[an error occurred while processing this directive]
  Local News Home
  Digital Bulletin
  Blackstone Valley
  East Bay
  Massachusetts
  Metro
  Northwest
  South County
  West Bay
  Education
  Health
  Lottery
  New England
[an error occurred while processing this directive] [an error occurred while processing this directive]
Local News
State's education plan wins approval

Rhode Island becomes the 18th state to receive federal approval for its plan to ensure that all students reach academic proficiency by 2014.

05/16/2003

BY LINDA BORG
Journal Staff Writer

PROVIDENCE -- Rhode Island is the second state in New England to win approval for its new state accountability system from the U.S. secretary of education.

The federal education law, No Child Left Behind, requires states to describe how they will close achievement gaps and ensure that all students reach academic proficiency by 2014. States must also develop annual state and school report cards, like Rhode Island's Information Works, that inform parents about school, district and state progress.

Rhode Island is the 18th state to get the go-ahead from the U.S. Department of Education; Massachusetts received its approval two months ago, under a fast-track program established by the federal government.

At a State House ceremony yesterday, Susan Sclafani, counselor to U.S. Secretary of Education Rod Paige, praised Rhode Island for being "in the vanguard of those who recognize that No Child Left Behind is the right thing to do."

Everyone from Governor Carcieri to Rhode Island Education Commissioner Peter McWalters lauded the federal law for demanding that schools and states raise the performance of all students, not just white, middle-class ones.

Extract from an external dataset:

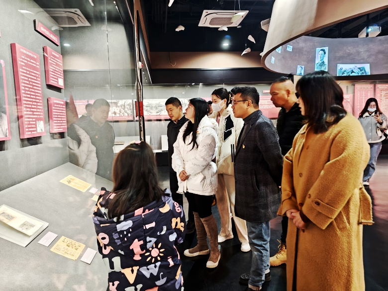 随后,来到毗邻“竹镇市抗日民主政府”旧址的“六合抗日斗争展览馆”,通过图文展示、实物展品、雕塑装置、多媒体影像、数字艺术场景还原等形式,展现了六合从日军侵华到新时代发展的历史图景。党员们在这里边走边看、边听边议,缅怀革命仁人志士,感慨幸福生活的来之不易。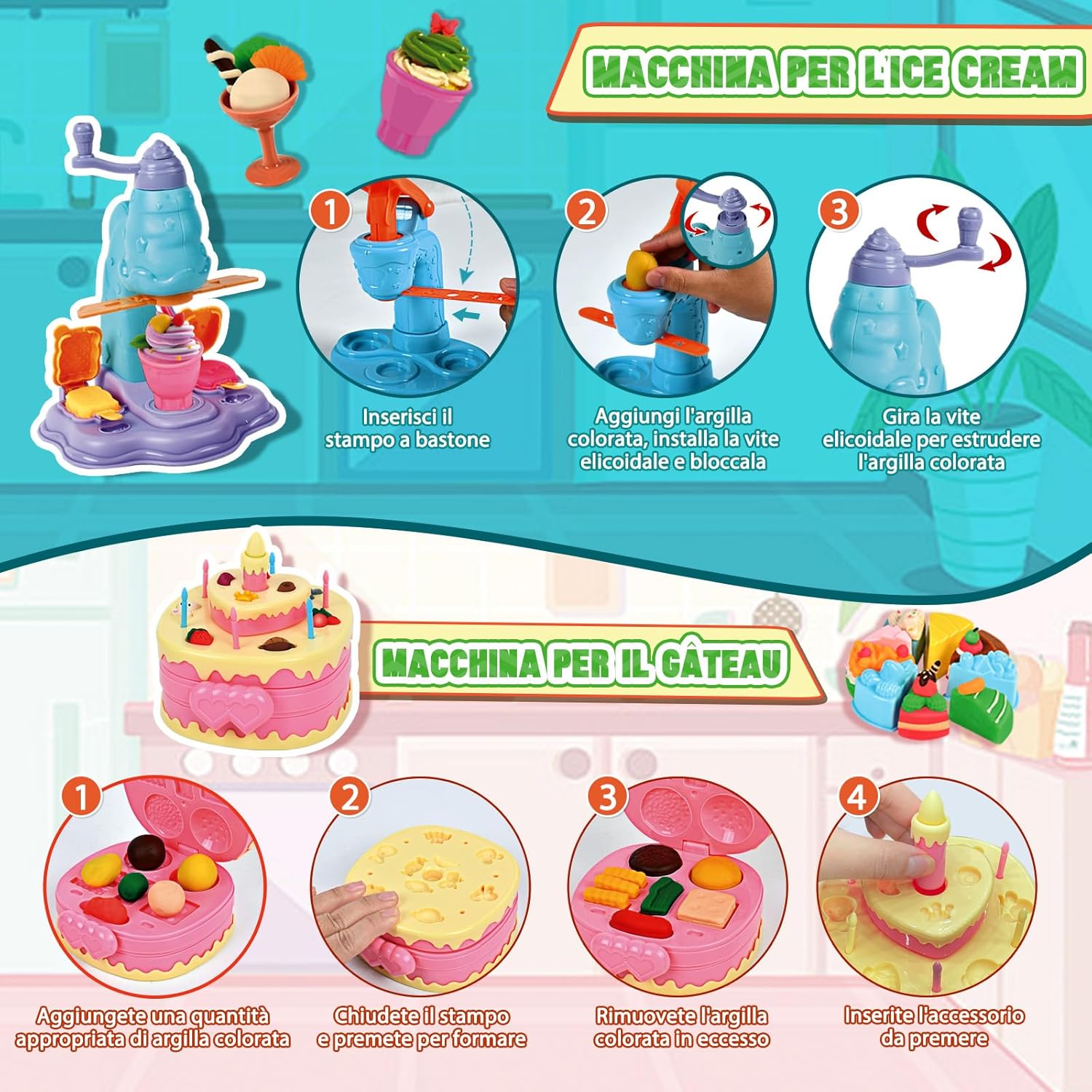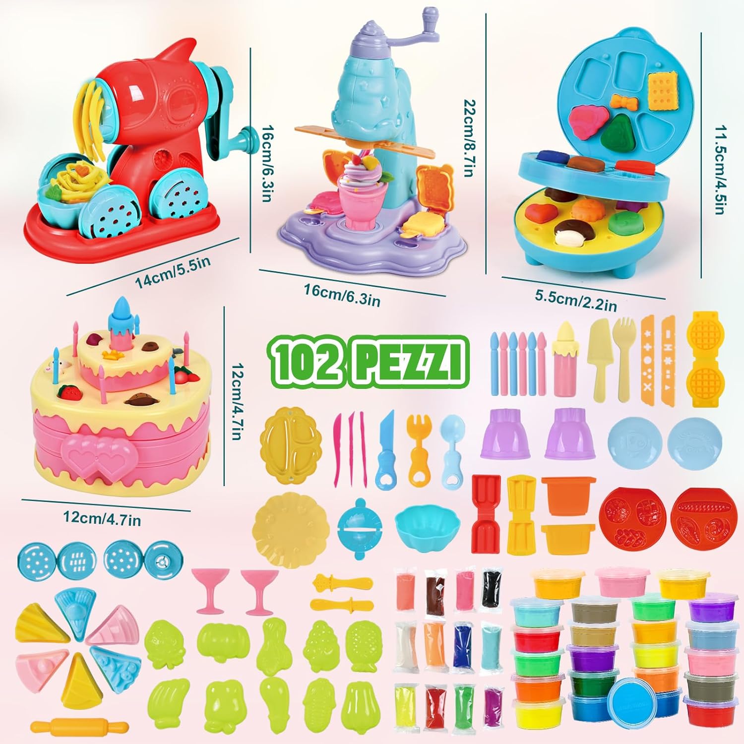 🍨【102 Pezzi di Plastilina per Bambini】: Questo set di plastilina bambini contiene 36 pezzi di pasta da gioco colorata e un'infinità di accessori: gelatiera, spaghettatrice, creatrice di torte, creatrice di hamburger, stampi per animali, stampi per alimenti, stampi per forme geometriche, una varietà di strumenti per modellare, posate, ciotole, tazze, piatti, bacchette e altro ancora. Tutti gli accessori sono inclusi, non è necessario acquistarne altri, per soddisfare la produzione creativa e il gioco libero del bambino! 🍆【Alta Qualità】: Gli accessori per la plastilina da gioco sono realizzati con materiali di alta qualità, leggeri, resistenti e colorati, che permettono al bambino di esercitarsi nella pratica. Lavorazione raffinata, senza bordi taglienti e senza sbavature, per consentire ai bambini di giocare e divertirsi. Plastilina a base di farina di grano commestibile, non grassa, non appiccicosa, riutilizzabile, sicura al 100%. 🍜【Giocattoli Educativi】: La pasta giocattolo è facile da modellare in qualsiasi forma e i bambini possono usare diversi tipi di stampi per creare modelli creativi di argilla come spaghetti, gelato, cibo, frutta e così via. La pasta da gioco colorata arricchisce anche la vista dei bambini e favorisce la percezione dei colori. 🥟【Facile da Usare】: Questo formine per plastilina è stato appositamente progettato per le piccole mani dei bambini, semplice da usare e facile da padroneggiare. I bambini devono solo mettere la pasta da gioco colorata nello stampo e, premendo, tagliando, modellando e rotolando, possono creare tutti i tipi di “cibo”. 🍝【Regalo Perfetto per Bambini】: Se siete alla ricerca di un regalo emozionante ed educativo per compleanni, feste, Natale, Halloween, Pasqua o altre celebrazioni, allora il nostro set di plastilina play doh bambini è la scelta perfetta per voi! È il regalo perfetto per bambini di 3, 4, 5, 6 anni.

But the sweeping federal act has dismayed superintendents and teachers from Oregon to Rhode Island, many of whom contend that the federal approach is punitive, heavy-handed and seeks to dismantle successful reform plans already in place in many states.

Schools that do not show progress face a series of sanctions, from giving parents the right to move their children to state intervention. States that do not comply have been threatened with a loss of federal school aid.

James DiPrete, chairman of the Rhode Island Board of Regents for Elementary and Secondary Education, alluded to those tensions yesterday when he said, "In the beginning, we didn't like what we were hearing or reading [about the federal law]."

Yesterday, Sen. Jack Reed and U.S. Rep. Patrick Kennedy criticized the Bush administration for pressing for wholesale changes, then failing to pay for them.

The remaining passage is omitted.